If you teach students complexity, they will pause and reflect. If you oversimplify, they will not reflect, and they will believe in fallacies.

How does forensic empathy shine a light on this topic in a new way?

We have to look at this grim reality through the eyes of empathy, not just through the cold statistics. Forensic empathy is a direct response to the tragedy of the horrifyingly high number of undocumented immigrants who perish year after year while crossing the U.S.–Mexico border. It studies the forensic efforts, archival practices and art interventions that take place around border casualties and looks at the personal belongings found on the deceased immigrants through the eyes of chief examiners, consular agencies, policymakers, nonprofit organizations and artist-activists.

Maite Zubiaurre
Water bottles belonging to migrants piled up against the U.S.–Mexico border wall after monsoon season in southern Arizona.
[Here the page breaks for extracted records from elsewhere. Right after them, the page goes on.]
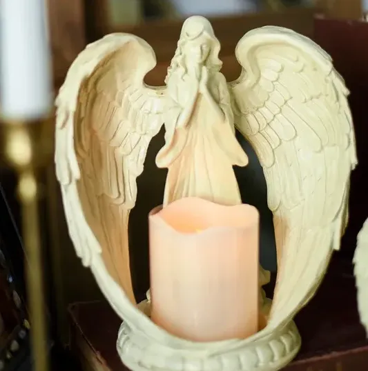 👼Multi-functional Electronic Candle Holder: Angel image praying with a flameless, battery-operated candle. Designed to be lit with batteries and a flickering flame, you can take it apart and put a real candle in if you wish.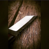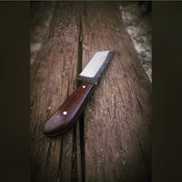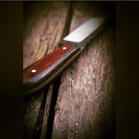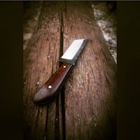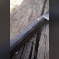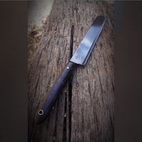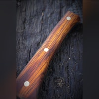 This tanto was made from an antique saw blade that was annealed and re-hardened. It is wearing cocobolo handles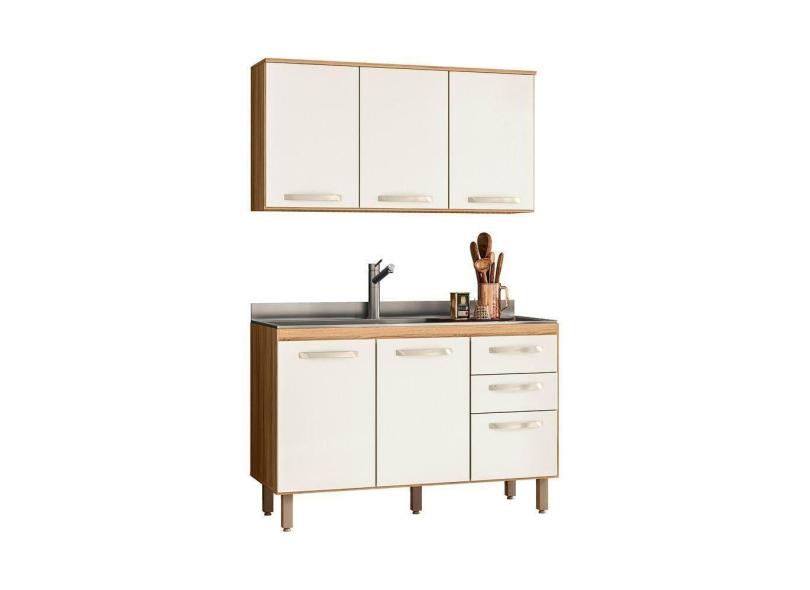 Balcão De Pia 120 Cm C- Armário Aéreo Cozinha 5 Portas 2 Gavetas Fit Cor Freijó - Off White Cristal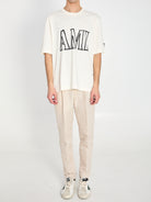 T-SHIRT IN HEAVY CREAM WHITE COTTON JERSEY. IT FEATURES A RIBBED CREWNECK, LONG SLEEVES, AN AMI PARIS PRINT ON THE FRONT AND BACK, AN AMI DE COEUR PRINT ON THE SLEEVE, AND A BOXY CUT. OVERSIZED FIT.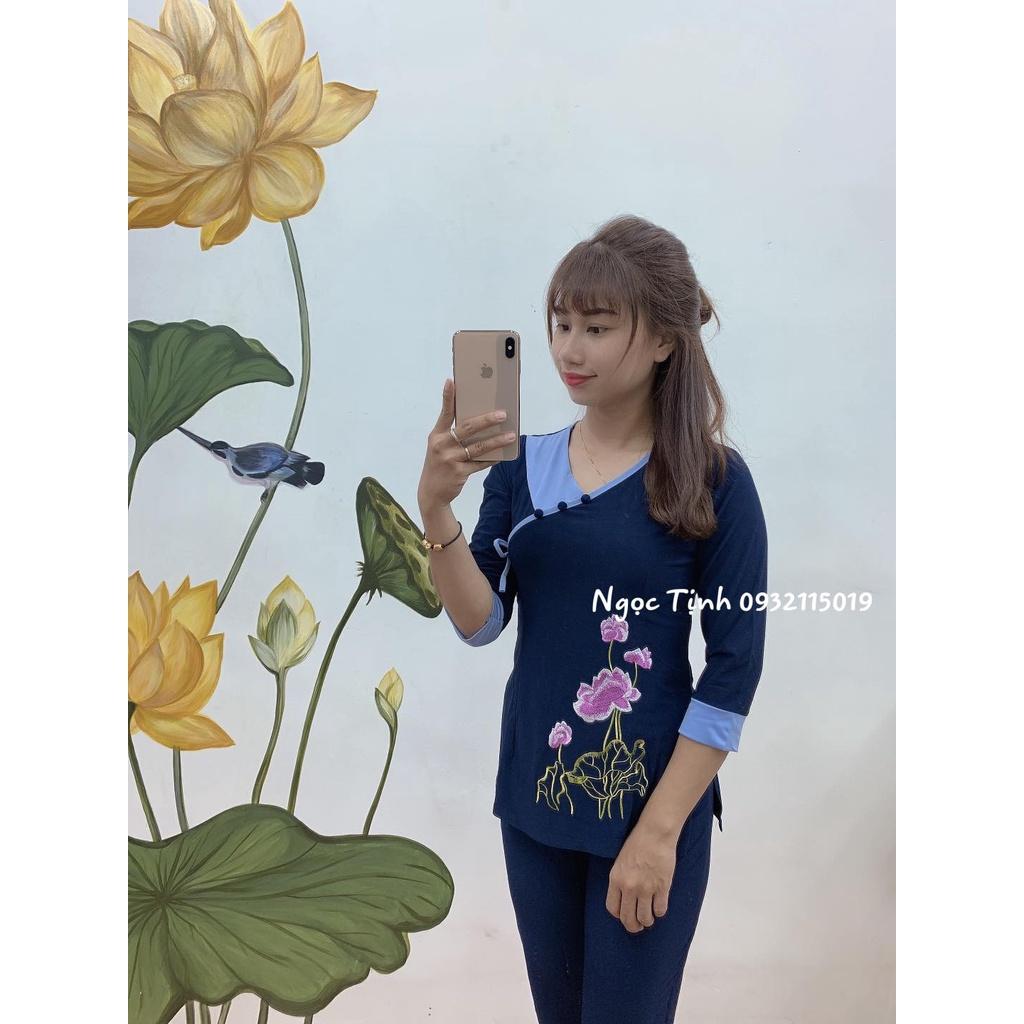 quần áo Phật tử cổ tàu cài chéo - đồ lam đi chùa Sen Hồng - set Phật tử nữ đẹp 0898553583

The personal belongings recovered in the desert tell a story. Belongings like camouflaged clothes, carpet-soled shoes and matte water bottles are all designed to help the migrants truly disappear into the landscape. But hundreds of bodies are found, not just by the Águilas, but by day-trippers, hunters, even dog walkers. The migrants die of dehydration, hypothermia, hyperthermia. Yet because we don’t want to look at our failure as a society, the bodies become invisible and so does the apparatus around it that increases the deaths.

This is a key role of the humanities, to apply critical thinking in dealing with the crucial issues of our times and to spearhead initiatives that connect with the community and fully invest in social justice.